In reviewing the plastic surgery literature, it would appear that evidence-based medicine was introduced to plastic surgery in about 2009 [17, 18]. However, physicians have known about the importance of rigorous methodology and study design for decades. These are not new concepts. They have simply been neglected.

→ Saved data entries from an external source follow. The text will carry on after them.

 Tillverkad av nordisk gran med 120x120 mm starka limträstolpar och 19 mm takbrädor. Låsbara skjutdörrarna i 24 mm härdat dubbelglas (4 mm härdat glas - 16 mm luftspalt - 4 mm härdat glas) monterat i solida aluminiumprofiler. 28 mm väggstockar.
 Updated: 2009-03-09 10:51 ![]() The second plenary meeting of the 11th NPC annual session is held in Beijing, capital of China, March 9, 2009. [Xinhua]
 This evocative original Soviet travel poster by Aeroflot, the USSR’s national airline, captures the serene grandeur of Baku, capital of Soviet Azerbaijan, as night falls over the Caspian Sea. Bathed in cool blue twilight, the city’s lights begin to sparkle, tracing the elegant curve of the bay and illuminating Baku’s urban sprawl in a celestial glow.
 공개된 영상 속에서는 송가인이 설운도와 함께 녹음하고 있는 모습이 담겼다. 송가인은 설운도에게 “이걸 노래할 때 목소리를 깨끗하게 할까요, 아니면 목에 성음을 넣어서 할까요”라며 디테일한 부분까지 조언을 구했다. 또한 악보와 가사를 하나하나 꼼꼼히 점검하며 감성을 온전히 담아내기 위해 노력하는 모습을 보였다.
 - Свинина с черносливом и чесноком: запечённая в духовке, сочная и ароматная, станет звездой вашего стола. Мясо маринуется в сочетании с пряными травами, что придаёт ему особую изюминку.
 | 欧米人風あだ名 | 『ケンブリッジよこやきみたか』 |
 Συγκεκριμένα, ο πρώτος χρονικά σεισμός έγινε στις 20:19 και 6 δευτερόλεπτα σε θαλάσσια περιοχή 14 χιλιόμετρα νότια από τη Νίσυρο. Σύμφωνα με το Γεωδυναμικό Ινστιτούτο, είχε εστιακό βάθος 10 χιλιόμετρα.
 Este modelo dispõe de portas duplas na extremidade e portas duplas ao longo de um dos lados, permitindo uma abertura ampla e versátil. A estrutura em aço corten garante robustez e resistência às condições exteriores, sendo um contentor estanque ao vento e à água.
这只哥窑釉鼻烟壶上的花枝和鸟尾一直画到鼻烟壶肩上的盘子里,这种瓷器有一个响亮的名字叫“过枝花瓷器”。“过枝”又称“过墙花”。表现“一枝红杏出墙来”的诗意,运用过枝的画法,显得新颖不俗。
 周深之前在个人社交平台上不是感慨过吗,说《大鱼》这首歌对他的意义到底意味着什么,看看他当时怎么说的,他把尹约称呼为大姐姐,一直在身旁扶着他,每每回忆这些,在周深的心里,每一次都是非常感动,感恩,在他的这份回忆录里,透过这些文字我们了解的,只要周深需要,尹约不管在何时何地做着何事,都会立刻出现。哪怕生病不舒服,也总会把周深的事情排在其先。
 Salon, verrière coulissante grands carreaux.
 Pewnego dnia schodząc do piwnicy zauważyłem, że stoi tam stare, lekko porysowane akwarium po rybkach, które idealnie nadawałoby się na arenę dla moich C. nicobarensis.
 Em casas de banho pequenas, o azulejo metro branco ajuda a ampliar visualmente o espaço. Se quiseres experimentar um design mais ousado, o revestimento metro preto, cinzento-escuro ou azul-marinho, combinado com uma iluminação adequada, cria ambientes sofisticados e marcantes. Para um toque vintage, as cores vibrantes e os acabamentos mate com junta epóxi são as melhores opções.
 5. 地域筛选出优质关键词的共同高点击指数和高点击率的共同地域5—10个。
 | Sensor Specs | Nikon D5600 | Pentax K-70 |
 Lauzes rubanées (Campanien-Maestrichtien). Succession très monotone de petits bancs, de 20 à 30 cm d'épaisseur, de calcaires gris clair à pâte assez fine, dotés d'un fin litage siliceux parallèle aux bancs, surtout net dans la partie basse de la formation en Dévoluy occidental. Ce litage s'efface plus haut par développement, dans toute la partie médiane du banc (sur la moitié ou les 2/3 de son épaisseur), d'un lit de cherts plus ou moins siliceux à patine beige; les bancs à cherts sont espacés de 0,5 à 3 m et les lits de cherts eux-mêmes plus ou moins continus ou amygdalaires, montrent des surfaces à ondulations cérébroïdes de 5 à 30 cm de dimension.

For example, Brody and Latts [19], in 1981, wrote “established techniques for the conduct of drug trials are well-described in the literature, but none of our plastic surgery writing on this subject betrays any familiarity with a controlled study.” In discussing the etiology of capsular contracture, the authors [19] called for prospective studies, concurrent controls, and reproducible diagnostic criteria. They emphasized the need for “well-established, scientifically valid analysis rather than artistic ‘impressionism’” (i.e., conclusions based on clinical impressions) [19].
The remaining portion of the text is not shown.